Kudus, isknews.com – Wabah penyakit difteri tahun ini meningkat dibanding tahun sebelumnya, karena itu penting untuk masyarakat mengetahui cara mencegah penyakit difteri. Kasus penyakit tersebut belum lama ini jadi perhatian besar kementrian kesehatan (Kemenkes) maupun ikatan dokter anak indonesia (IDAI).
Beberapa provinsi di Indonesia melaporkan kasus luar biasa (KLB) difteri yang berpotensi mengancam jiwa. Terlebih, Jawa Tengah sendiri masuk dalam daftar wilayah yang dinyatakan KLB Difteri.

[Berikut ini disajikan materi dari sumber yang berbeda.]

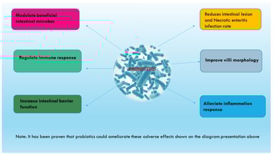 The utilization of microbial-based therapy potentiates ameliorating effects on NE-challenged broilers with better economic benefits [152]. The use of probiotics aims to improve intestinal integrity and overall gut health in disease-challenged broiler birds and increase the recovery rate for enhanced growth performance and reductions in economic losses. The probiotics’ mitigative effect could be through various mechanisms: reductions in gut colonization by pathogens and gut lesion, the regulation of intestinal inflammation, the protective effect on intestinal epithelial barrier integrity and villi structure, improved immunity and the alteration of gut microbial composition in favor of beneficial microbes. These positive effects hinge on antimicrobial and toxin detoxifying effects due to the synthesis of SCFAs and bacteriocins, the suppression of proinflammatory cytokines and the increased production of anti-inflammatory factors, the modulation of tight junction proteins’ expression and structure and villi development via the suppression of the apoptosis of intestinal epithelial cells. Various mechanisms by which probiotics promote gut health in NE-challenged birds are presented in Figure 3.
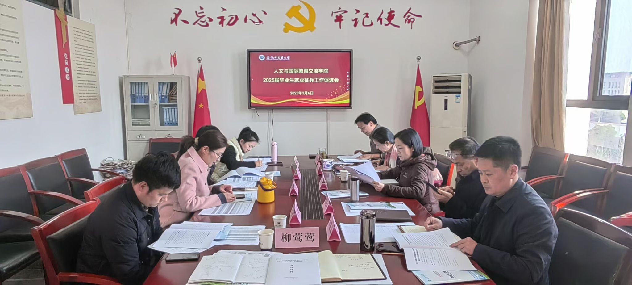 3月6日,人文与国际教育交流学院召开2025届毕业生就业工作促进会。学院领导班子,汉教系、心理系主任,实习就业办公室主任,毕业班辅导员参加会议。会议由学院党总支副书记彭青和主持。
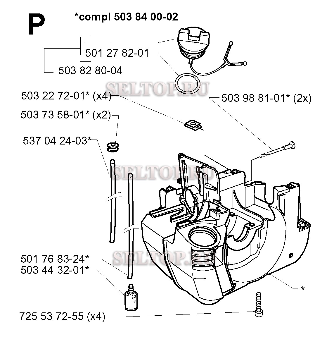 Картер для триммера Husqvarna 232 L (с 2000-04), взрыв-схема:
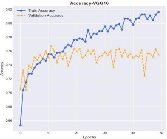 Here, we present the results of VGG16 in means of accuracy, loss, and confusion matrix in the following fig 6,fig7,andfig8.Inthebelowfig6,theaccuracyplotfor VGG16hasbeen presented withaccuracyVsEpochsfor boththetrainaccuracyandvalidationaccuracy.
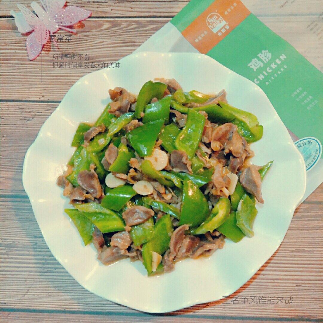 晚餐,用太阳谷鸡胗炒的青椒炒鸡胗,味道特别可口。
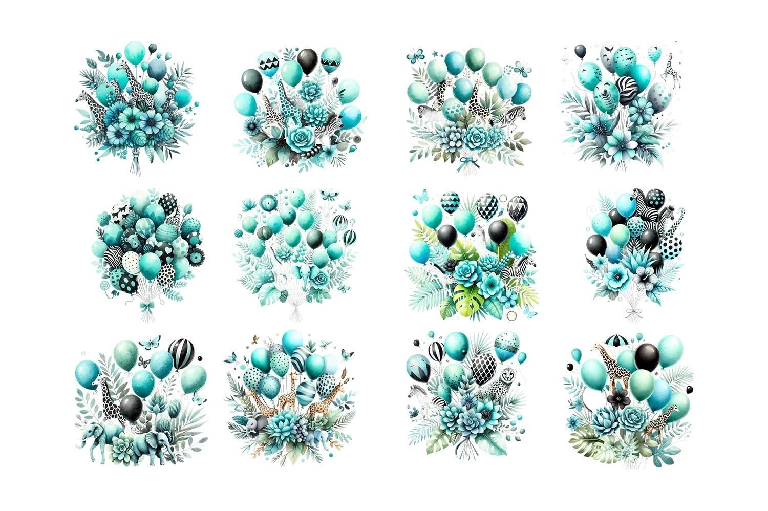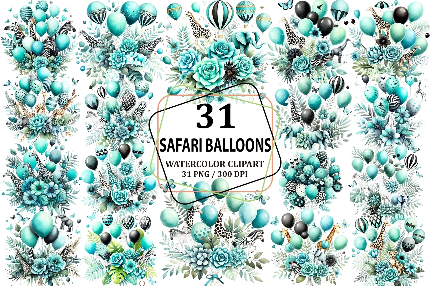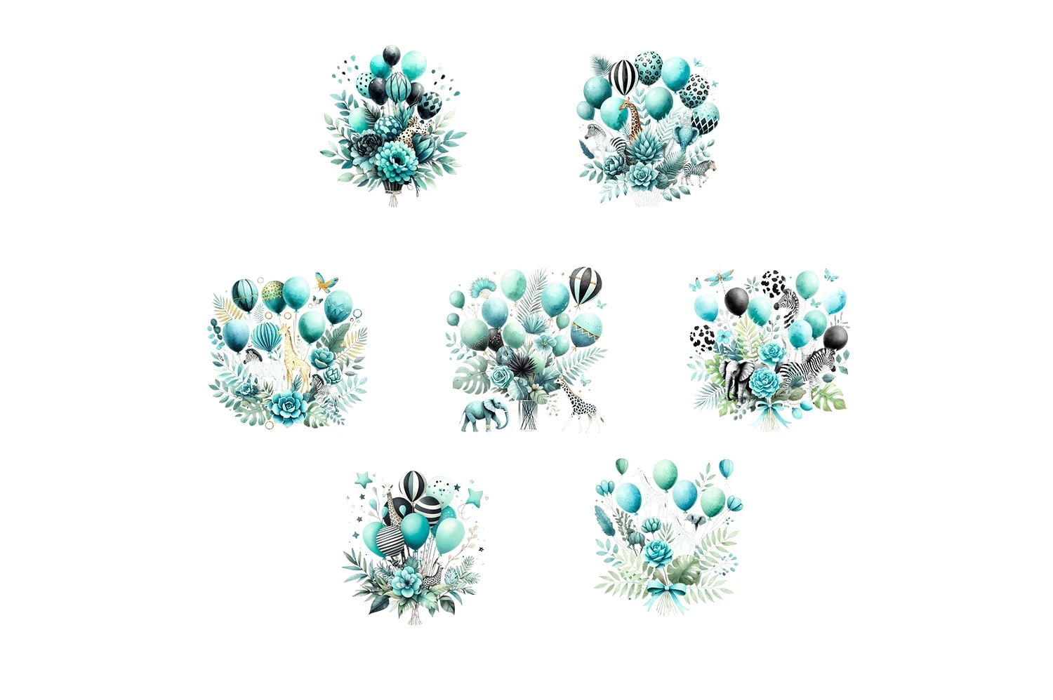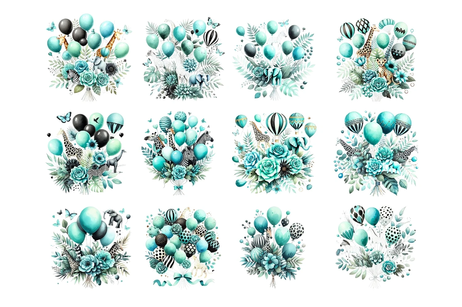 Watercolor Turquoise & Black Safari Balloons Clipart PNG (AI-generated).
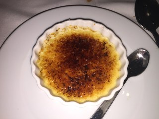 J ai tout de même gardé une petite place pour le dessert, mon coeur s est tourné vers la crème brulée qui était tres bonne, légère, bien caramélisée et se laissait deguster.

Kabid Penyakit dan Penyehatan Lingkungan (P2L) pada Dinas Kesehatan Kabupaten Kudus, dokter Hikari Widodo, belum lama ini mengatakan, Hingga saat ini belum ada laporan mengenai adanya kasus difteri di Kabupaten Kudus.
Dikatakannya, Wilayah kantung-kantung imunisasi DPT kurang dari 25 persen, kemungkinan bisa menyebabkan mewabahnya difteri yang dengan mudah berkembang biak.
Hikari menganjurkan, anak-anak khususnya dibawah usia satu tahun yang belum dapat imunisasi DPT agar segera melakukan imunisasi. “Meski di Kudus belum ditemukan namun tetap waspada,” ujarnya
Hikari mengatakan bahwa sebenarnya penyakit difteri bisa menjangkiti pada siapa saja karena kuman itu sifatnya hidup dan menyebar. Namun semua itu tergantung pada sistem imunitas setiap individu, utamanya anak kecil mulai balita hingga sekolah dasar. Untuk itulah peran serta orang tua diperlukan dalam mengantisipasi penyebaran virus difteri berupa pemberian imunisasi DPT pada putra-putrinya yang masih bayi hingga bersekolah dasar kelas 1 sampai 3.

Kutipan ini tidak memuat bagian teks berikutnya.